Una sedia per due ospiti, tutti e due importanti, quando invece avrebbero dovuto essere tre.
Tra l’altro, entrando nella sala, si vede la Signora Von Der Leyen rimanere ignorata e quasi in disparte rispetto ai due “gentiluomini”. I quali, viste le poltroncine, vi si acciambellano alla svelta, gambe allungate e giacche sbottonate, neanche fossero al bar, costringendo la Signora Von Der Leyen ad accomodarsi sul divanetto poco distante.

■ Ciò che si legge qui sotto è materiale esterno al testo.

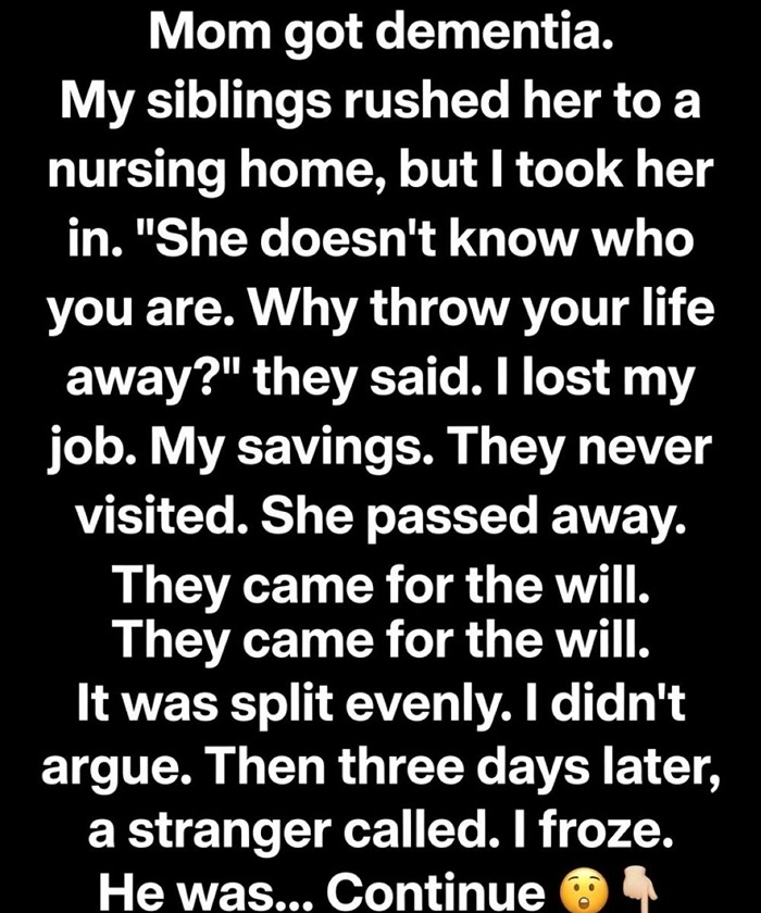 Afterward, my siblings returned, efficient and composed. The will was opened. Everything was divided equally, exactly as she had arranged years earlier, before illness reshaped her world. I didn’t object. I didn’t explain the nights without sleep, the years without a paycheck, the slow erosion of my own life. Grief had already taken what it wanted. I didn’t have the strength to fight for validation.

Neppure un gesto di cortesia, un’attenzione particolare nei confronti di una donna che, a parte il ruolo che riveste, resta pur sempre una Signora. E non si è trattato di una gaffe, ma di pura maleducazione. Vergogna! 😡
Forse, se uno dei due “maschiacci” avesse fatto almeno la mossa di cederle il posto su una delle due poltroncine, li avrebbe salvati dalla figura barbina che tutti hanno visto!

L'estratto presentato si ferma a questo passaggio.